An email gets sent out saying the page was deleted. In the webserver's error logs is a single entry:

[Fri Nov 28 16:18:38 2014] [error] [client 72.64.152.130] PHP Notice: Uncommitted DB writes (transaction from DatabaseBase::query (LCStoreDB::get)). in /var/www/plan.alteeve.ca/html/includes/db/Database.php on line 4266, referer: http://plan.alteeve.ca/index.php?title=The_power_Of_your_Intellect_In_Money_making&action=delete

digimer

Event Timeline

Digimer raised the priority of this task from to Needs Triage.
Digimer updated the task description. (Show Details)
Digimer changed Security from none to None.
Digimer subscribed.

This error was shown when I enabled simple SQL debugging:

A database query error has occurred. This may indicate a bug in the software.

Query:
COMMIT
Function: WikiPage::doDeleteArticleReal
Error: 23503 ERROR: insert or update on table "recentchanges" violates foreign key constraint "recentchanges_rc_cur_id_fkey" DETAIL: Key (rc_cur_id)=(7) is not present in table "page".

bug was introduced by change I1c7f3a84f10df05d6b37dccbad4c8232edf51580

It seems like this should be caught by one of the phpunit tests, specifically includes/EditPageTest.php. Does anyone know why it is not being caught there?

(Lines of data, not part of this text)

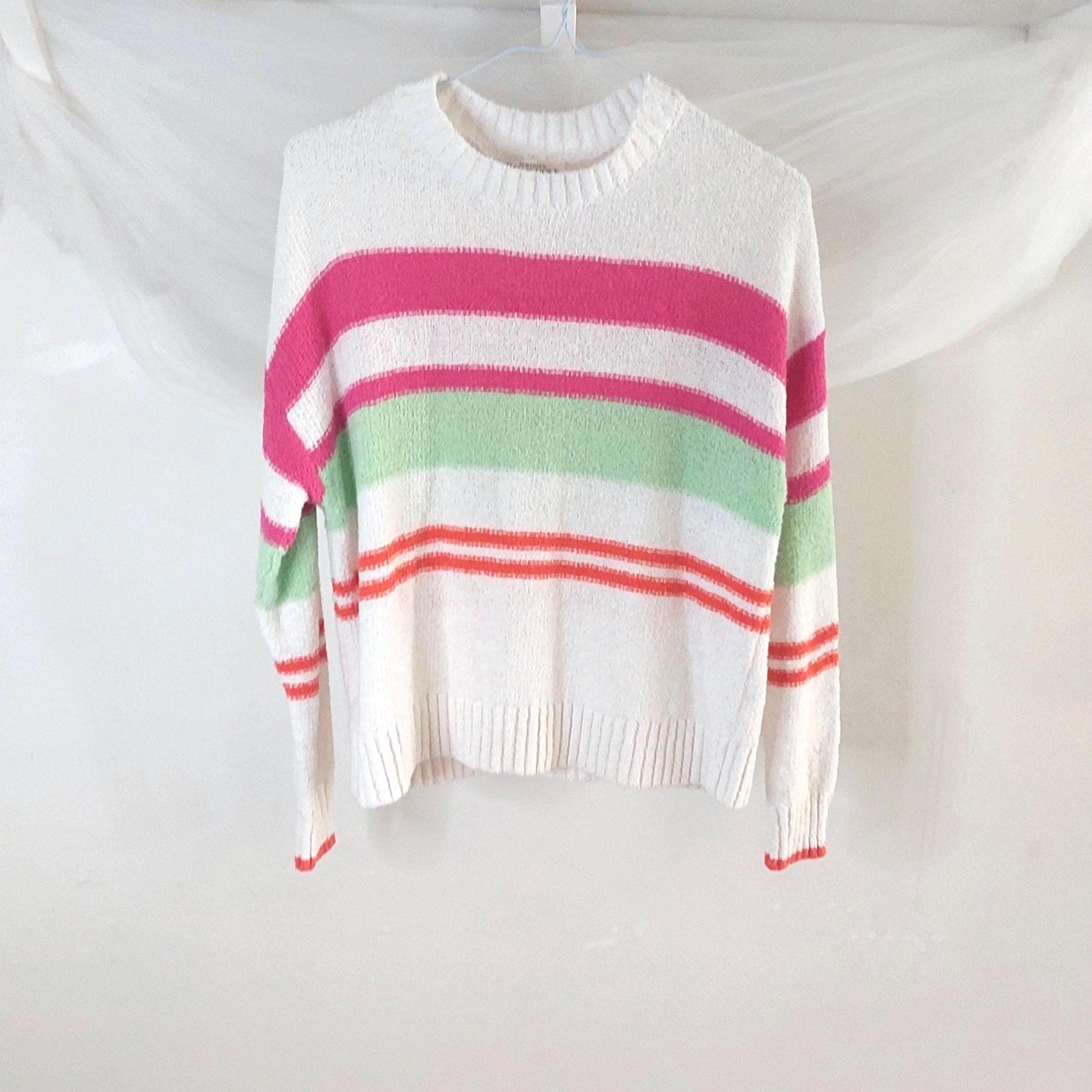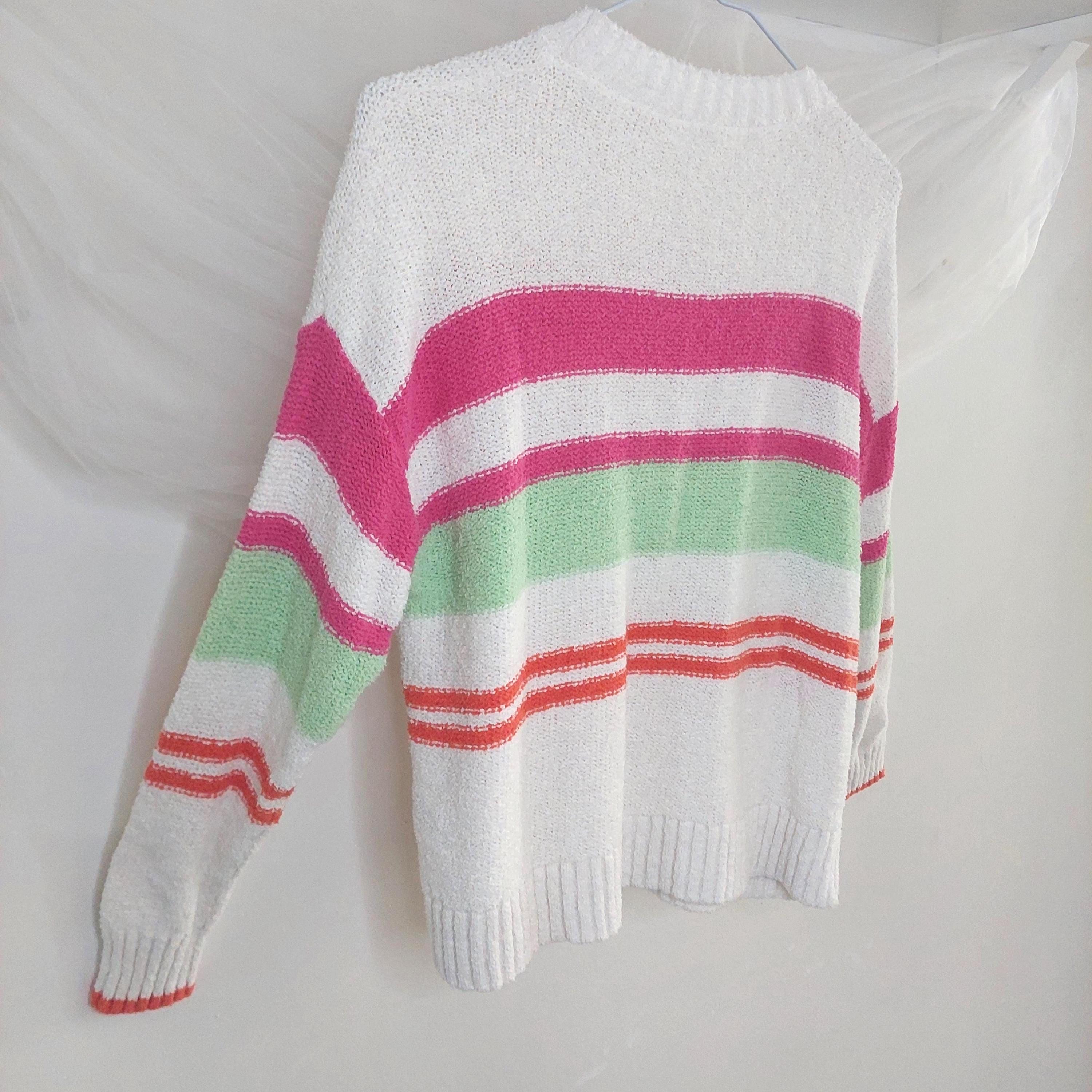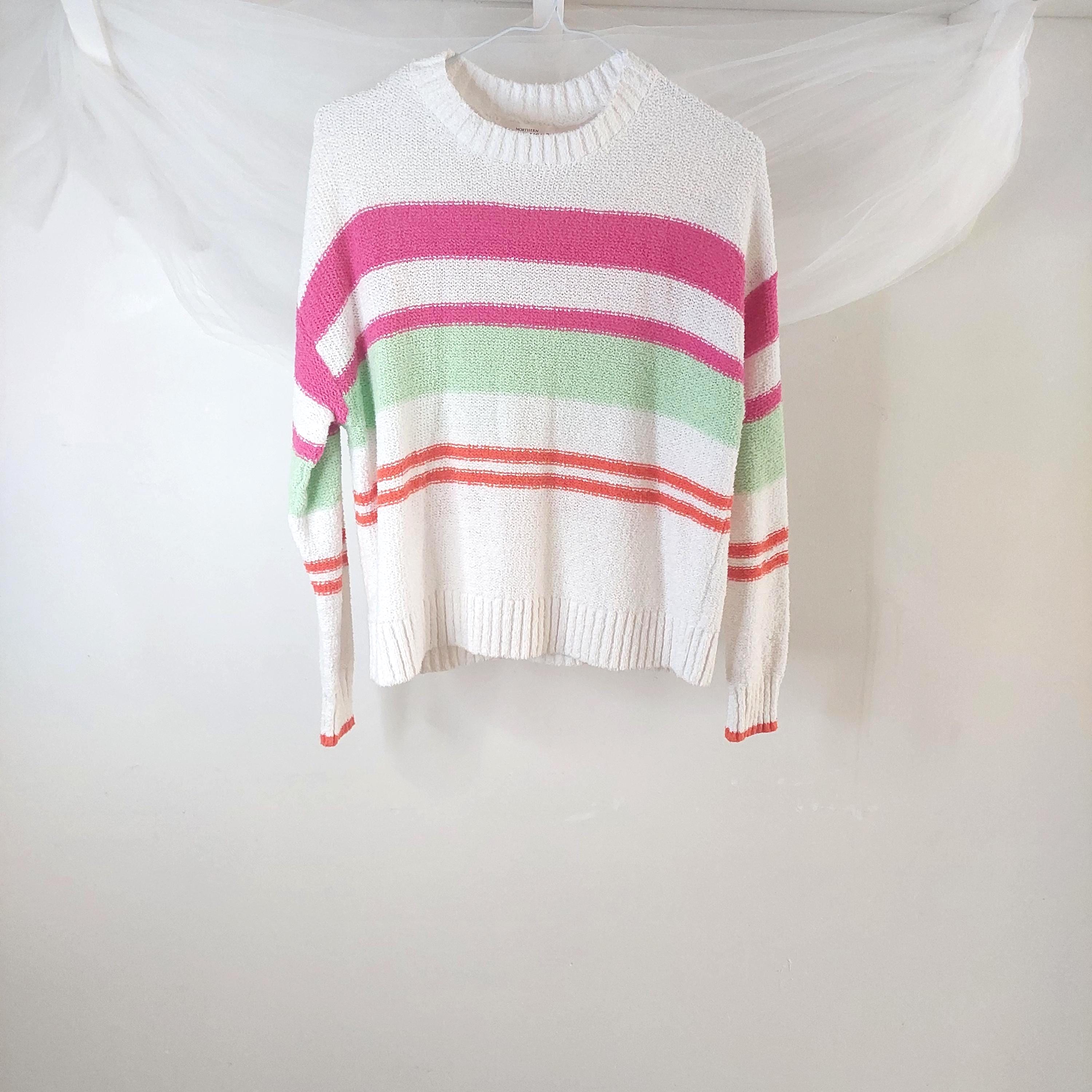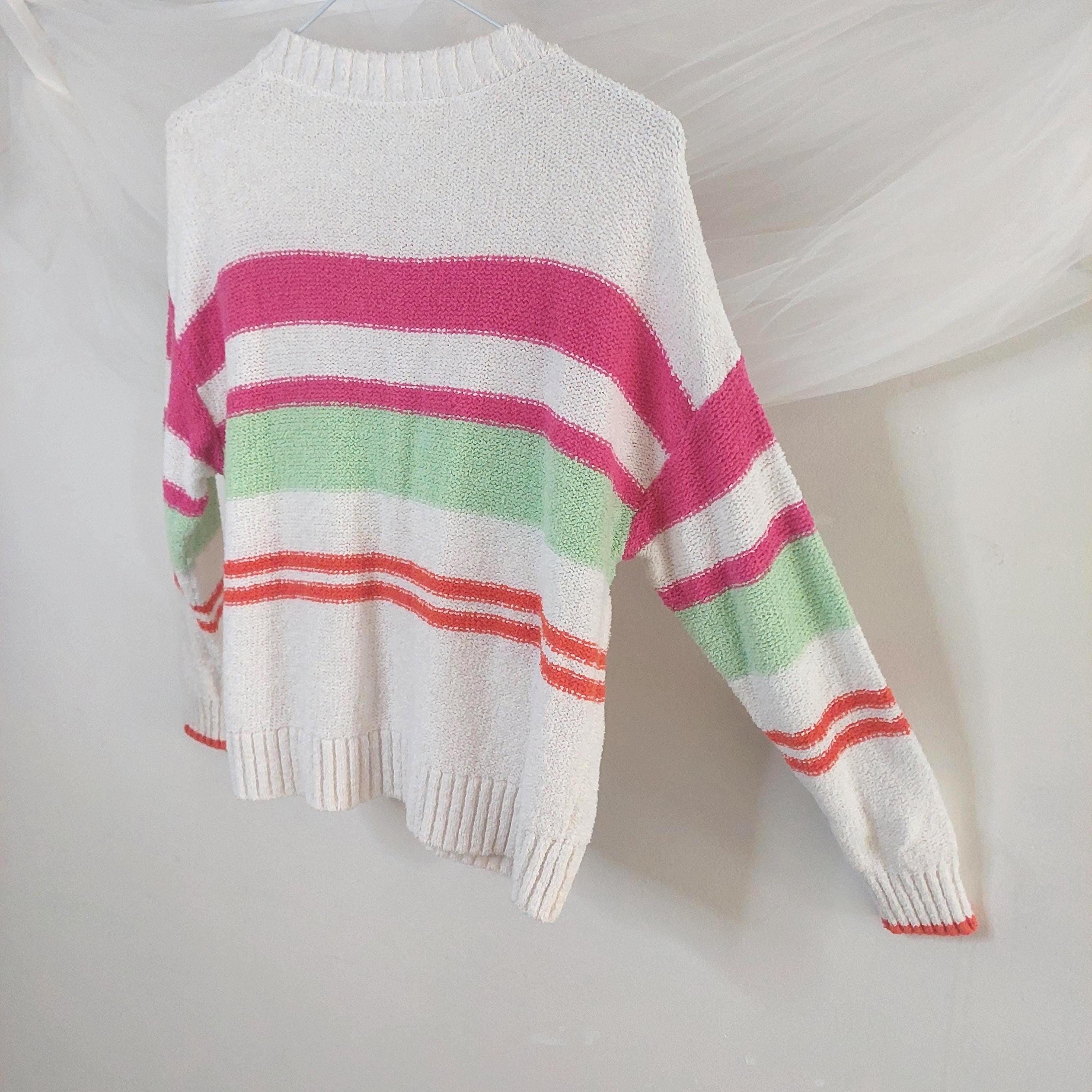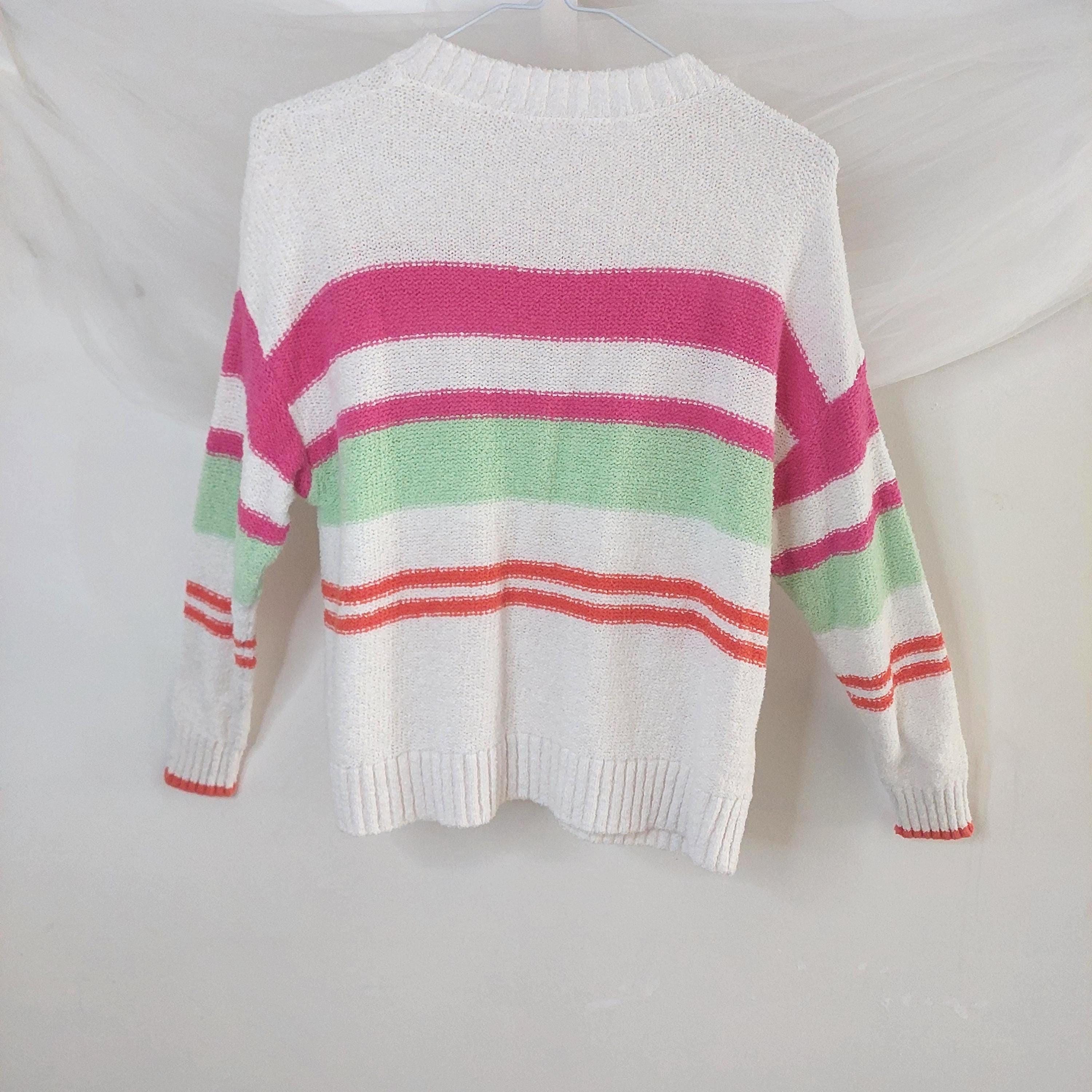 Add a pop of color to your casual wardrobe with this iconic piece from Northern Reflections. This white knit sweater features vibrant horizontal stripes in shades of bubblegum pink, lime green, and sunset orange. Known for their durable quality and "Canadian cottage" comfort, this sweater is perfect for layering during breezy summer nights or crisp fall days.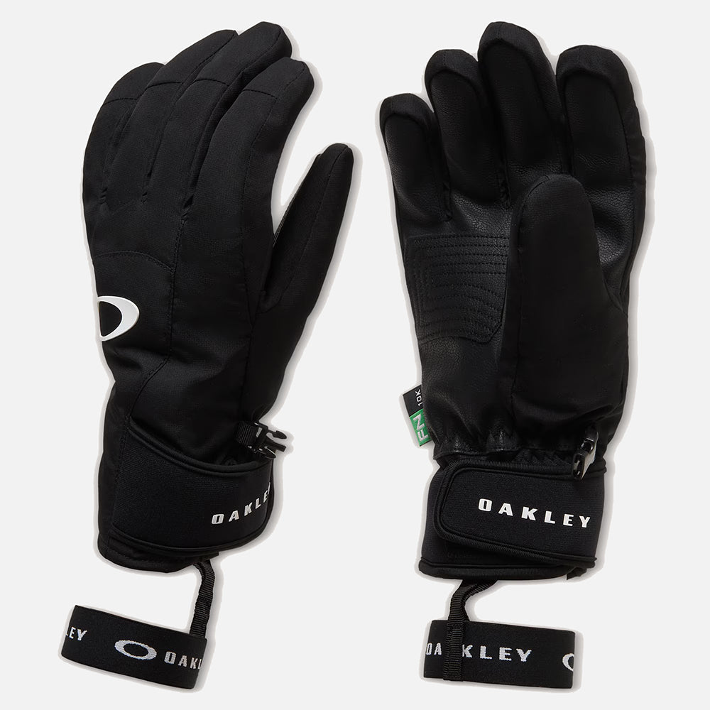 Classic five-finger gloves to keep your hands warm and dry as you tackle the trickiest off-piste slopes. Providing advanced lightweight insulation thanks to the application of 3M™ Thinsulate™ and breathable, waterproof comfort through Oakley’s exclusive FN Dry™ fabric technology, the gloves are also designed with a durable PU leather palm and strategic padding for exceptional protection in the most extreme conditions. The Velcro cuffs can be adjusted to fit and there is branding on the back of the hand, on the stylish jacquard elastic wrist leash and on the cuff itself.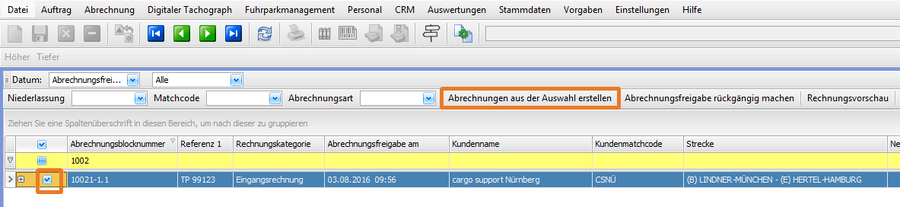 - Klick auf Abrechnungen aus der Auswahl erstellen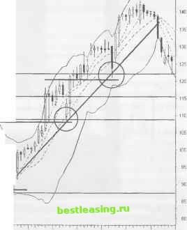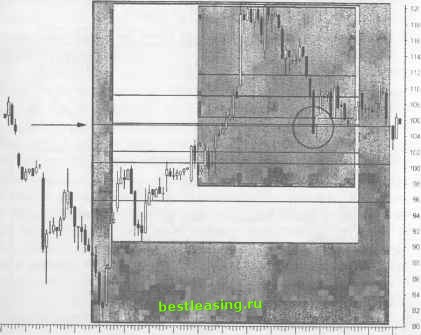 .......I................................................................................ 22 24 28 300 5 7 II 13 15 19 21 25 27 29N 3 5 9 II 15 17 19 2326 ЭОО 3 7 9 13 15 17 21 23 2830 J 5 7 11 13 18 20 24 26 28 F RealTick® ©1986-2000. Все права защищены. Используется с разрешения Townsend Analytics, Ltd СТРАТЕГИИ DIP TRIP Точку входа в рынок с минимальным риском потерь определяйте с помощью уровней отката Фибоначчи и других элементов ценового графика. Выявляйте уровни поддержки/сопротивления, которые сходятся с ключевыми уровнями отката Фибоначчи. Например, обратите внимание на разворот цены от уровня предыдущего максимума, который совпадает с 62%-ым уровнем отката после- днего ралли. Каждый раз выявляйте единственную, определяющую характер движения цены модель. Цена, как правило, откатывает от 38%-го, 50%-го и 62%-го уровней Фибоначчи, но часто, перед разворотом, можно наблюдать проскакивание этих уровней. По одной из классических стратегий, перед тем, как осуществить торговую сделку с применением классических уровней Фибоначчи, ценовые развороты рассматриваются в нескольких временных диапазонах (см. 38-62 в разделе Применение (Applications) настоящей главы). Такой метод 3D анализа позволяет идентифицировать точки открытия позиций с минимальным риском потерь по нескольким хаотическим колебаниям цены. В целях обнаружения естественных уровней отката - уровней поддержки/сопротивления, установите сетку Фибоначчи, которая будет охватывать все восходящее движение цены. Второе дно модели Двойное Дно чаще представляет собой лучшую отправную точку, чем фактическая точка минимума. Для более детального исследования характера ценового движения установите сетки Фибоначчи на графиках, построенных в меньших временных рамках. Эти линии охватывают точки предыдущего максимума и последовательно снижающихся минимумов. Понаблюдайте за первичными уровнями отката - не конвергируют ли они с уровнями сетки Фибоначчи. Это должно следовать из внутренней математики движения тенденции. В сильном трендовом рынке установочные наборы dip trip могут появляться один за другим. Следовательно, после каждой волны ценового движения необходимо заново анализировать состояние рынка и вносить необходимые поправки. Каждый трейд должен строиться сообразно своему потенциалу в данный конкретный момент, ведь одни тенденции обладают гораздо большим соотношением доходность/риск, чем другие. Отдавайте предпочтение тенденциям в ранней стадии развития до того, как рынок достигнет состояния перекупленности, и всегда держите наготове альтернативный вариант. Зона застоя, как правило, имеет свойство чередоваться с простыми и сложными моделями динамичных тенденций. Модели dip trip появляются в любых временных рамках и инициируют прибыльные внутридневные позиции. Простейший 5-минутный ценовой график обеспечивает эффективной структурой для обнаружения этого многообещающего установочного набора. Разнообразьте анализ внутридневных установочных наборов различными оригинальными методами. Обычные ценовые откаты, которые происходят в первый час торговой сессии или наблюдаются на 2-дневном графике, могут указывать на превосходные dip-позиции. Постарайтесь отслеживать уровни откатов цены по графикам, построенных в нескольких временных рамках, лишь в том случае, когда открытая Вами позиция удерживает не более нескольких минут, достаточно отслеживать ее в одном временном диапазоне. Помните,

bug was introduced by change I1c7f3a84f10df05d6b37dccbad4c8232edf51580

Full links are welcome: https://gerrit.wikimedia.org/r/#/c/113525/

CC'ing the author and reviewers of that patch.

It seems like this should be caught by one of the phpunit tests, specifically includes/EditPageTest.php. Does anyone know why it is not being caught there?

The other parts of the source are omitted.